Возведем маркиры к бою - Страница 3
Выпадет либо/либо.
Кира О., октябрь 2016
_______________________________
Её волосы пахли так же: свежим хлебом или травою, разогретой палящим солнцем. Непослушные русые локоны, разметавшиеся по подушке, щекотали ласково щёки, норовя прилипнуть к губам.
Её тело осталось прежним: те же линии и изгибы, те же родинки, длинные пальцы… Та же мелкая нервная дрожь.
Только грудь слегка опустилась. У сосков – бесцветные шрамы. Было видно: она стеснялась. Прикрывала её руками, не давая долго смотреть.
Я любил её, узнавая. Я искал забытые точки. Трогал пальцами и губами, восстанавливал с ними связь. Я не верил, что это возможно – ощущать каждой клеточкой тела безвремённость любви и близость, отрицаемую на словах.
Всё теперь казалось возможным. Мы упали, вернулись в «раньше», где остались больше собою, чем в реальном «сейчас и здесь». Все ошибки можно исправить. Все обиды стереть. И снова верить в лучшее и пытаться склеить «вместе», любить и жить…
Проводив её до дверей (Кира хотела побыть одна, чтобы «прийти в себя»), я завис в пространстве тамбура и закурил. Я не мог совладать с собою. В голове и нервным пульсом под кожей стучали огромные тяжелые вопросы. Что же ДАЛЬШЕ? Что МНЕ делать? С чего начать? Могу ли я принимать решения САМ, ОДИН?

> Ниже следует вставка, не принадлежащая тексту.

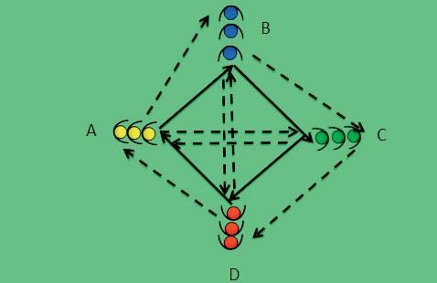 练习方法:将12~16名队员分成A、B、C、D 共4个组,每组第一名队员站在5m×5m的正方形场地的4个角上,A组第一名队员将球传向B组第一名队员,并跑向B组排尾处,同时D组第一名 队员跑向B组第一名队员做逼抢动作,随后跑至B组排尾处;B组第一名队员在被逼抢的情况下,向 左侧停球摆脱,再将球传给C组第一名队员并跑向C组排尾处,同时A组第一名队员跑向C组第一名队员做逼抢动作,随后跑至C组排尾处。以此类推,依次进行练习。
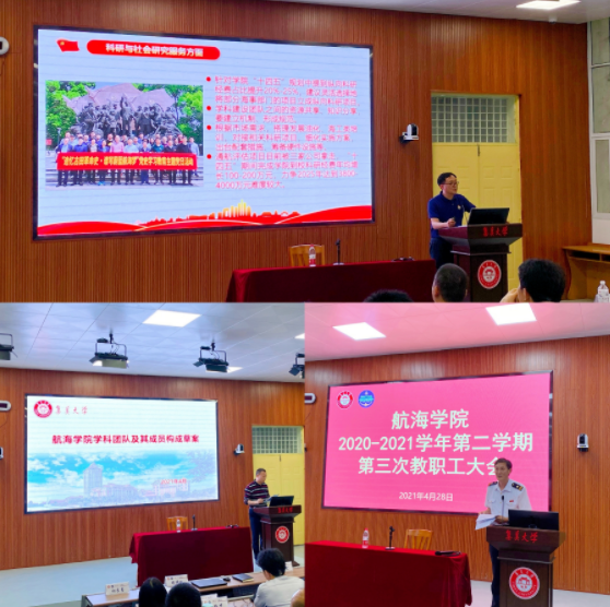 4月28日,航海学院召开2020—2021学年第二学期第三次教职工大会,全体教职工参加本次会议。
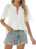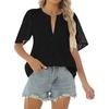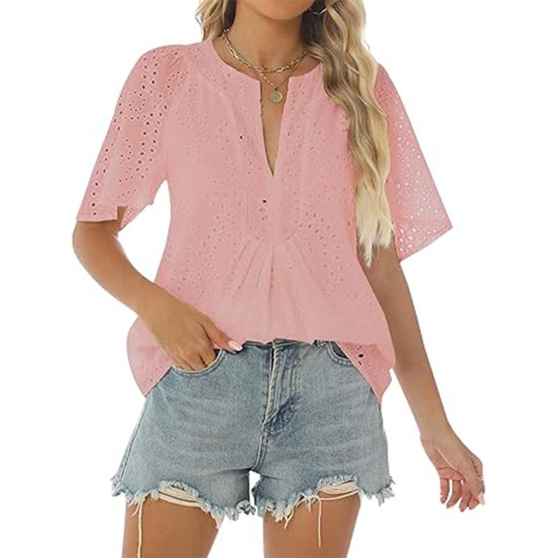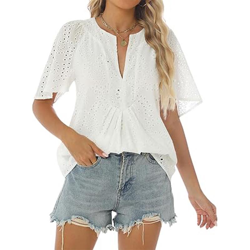 Amazon 2025 Nuevo Top de Ojalillos Europeo y Americano Transfronterizo para Mujer Cuello en V Manga Mariposa Encaje Calado Camisa Bordada
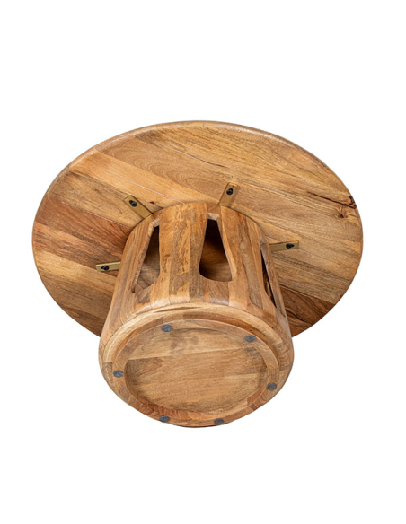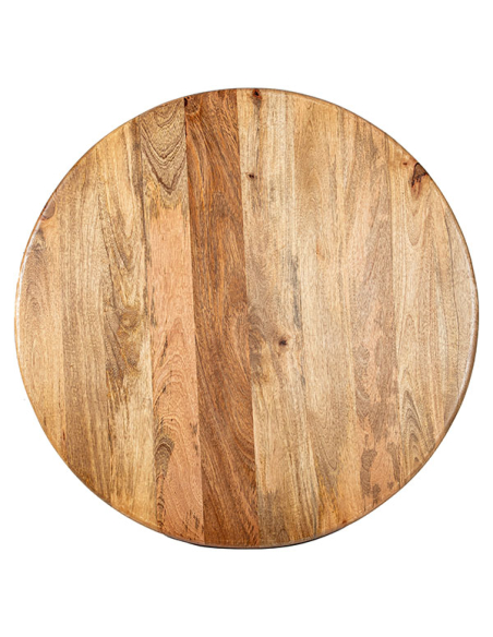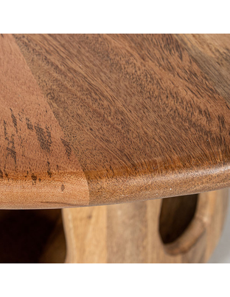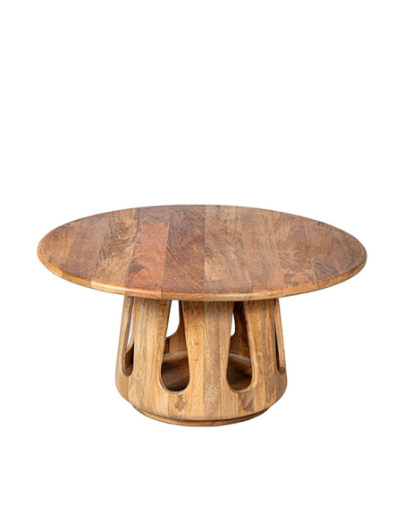 Mesa de centro Mustang calada 90 cm, es una pieza verdaderamente única que destaca por su diseño original. La tapa y la base de madera están cuidadosamente trabajadas, con un calado en forma de gotas alrededor de todo el contorno, permitiendo una visión clara a través de la estructura. Este detalle no solo añade un toque de elegancia, sino que también crea una sensación de ligereza y espacio. Ideal para salas de estar que buscan un mueble funcional y estéticamente agradable, esta mesa es una combinación perfecta de diseño y practicidad.

Неотвратимость перемен не поддавалась сомнениям. Я и страшился, и ждал их с тревожным нетерпением. Казалось, какая-то неизвестная энергия, бурлившая до времени где-то глубоко внутри, вдруг поднялась и грозила разом прорваться наружу… Поднося к губам очередную сигарету, я заметил: рука дрожит, – и тихо рассмеялся.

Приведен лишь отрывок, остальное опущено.